#### LISTED RECORDS
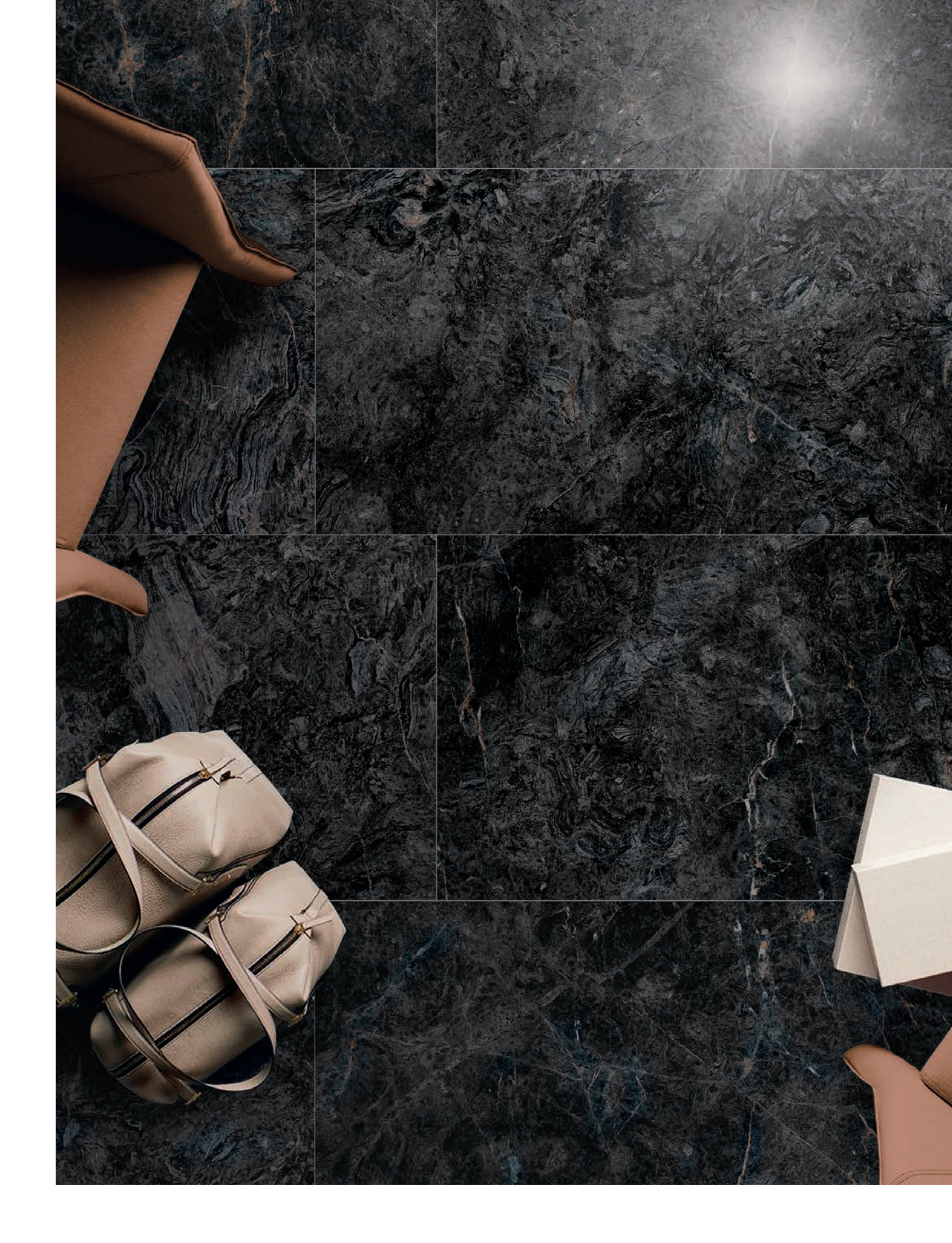
24"x48" Field Tile in Nero
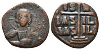
463 Byzantine Coin AE Follis. 10,07 g - 24,36 mm
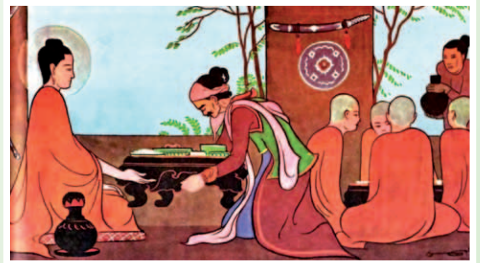
The Buddha partaking in a mid day meal.
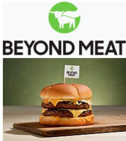
A Beyond Meat burger
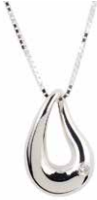
Open Teardrop w/ Clear CZ Stone Price: $180
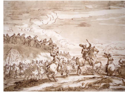
Title: Cavalry in Action (after Cortese) Date: n.d. Primary Maker: Arthur Pond Medium: Etching and two color woodblocks on wove paper
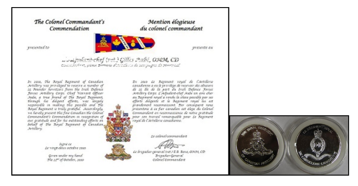
Figure 1 - Colonel Commandant's Commendation

presented. The scroll will always be signed by and, where circumstances permit, be presented personally by the Colonel Commandant. In those instances where the Colonel Commandant is not present, the scroll will be presented by a senior gunner officer in a ceremony befitting the importance of the awarding of this Commendation.
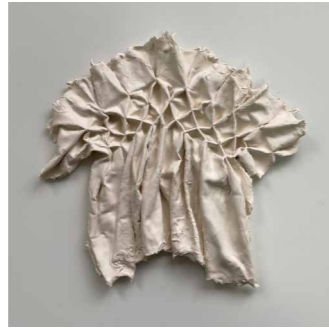
Small Size: 20 cm Price: 550 NIS
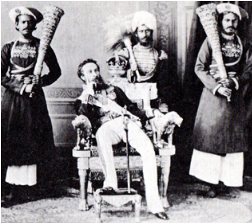
Lytton in Calcutta, 1877 (Mike Davis, Late Victorian Holocausts , Verso 2001, p.30)

The second offered itself when Stoletov went to Kabul carrying a draft treaty with Sher Ali in his pocket. But again the mission was promptly recalled by von Kaufman and although Stoletov did visit Kabul subsequently there were no offers of arms nor apparently any secret promises. 52
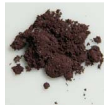
Figure 2. Red phosphorus

Phosphorus works in combination with calcium in the formation of bone. Grains are considered a good source and forages are a subsidiary supplier of phosphorus. Because of their mutual role in bone metabolism, calcium supplementation and phosphorus supplementation are usually considered at the same time. The recommended calcium-to-phosphorus ratio in ruminant diets is 2:1 to 1.2:1. Significant deviation from this ratio can result in abnormal bone growth and a condition known as water-belly (Hale and Olson, 2001). Phosphorus deficiency can result in low conception rates, reduced feed intake, poor feed efficiency, lower growth rate, reduced milk production, reproductive failures and skeletal abnormalities. A common symptom of phosphorus deficiency is often seen as the unusual habit of an animal eating or chewing foreign substances such as dirt or wood. Since the body pool of phosphorus is low, phosphorus deficiencies of this mineral are very quickly expressed physiologically. A Vitamin D deficiency or an excess in dietary calcium will reduce the absorption of phosphorus.
########
_ABOUT THIS TASK_
What is needed is an exact copy of the lines from the beginning of the data through the line containing "Small Size: 20 cm Price: 550 NIS", both included, without any pictures.

_WRITTEN ANSWER_
24"x48" Field Tile in Nero
463 Byzantine Coin AE Follis. 10,07 g - 24,36 mm
The Buddha partaking in a mid day meal.
A Beyond Meat burger
Open Teardrop w/ Clear CZ Stone Price: $180
Title: Cavalry in Action (after Cortese) Date: n.d. Primary Maker: Arthur Pond Medium: Etching and two color woodblocks on wove paper
Figure 1 - Colonel Commandant's Commendation

presented. The scroll will always be signed by and, where circumstances permit, be presented personally by the Colonel Commandant. In those instances where the Colonel Commandant is not present, the scroll will be presented by a senior gunner officer in a ceremony befitting the importance of the awarding of this Commendation.
Small Size: 20 cm Price: 550 NIS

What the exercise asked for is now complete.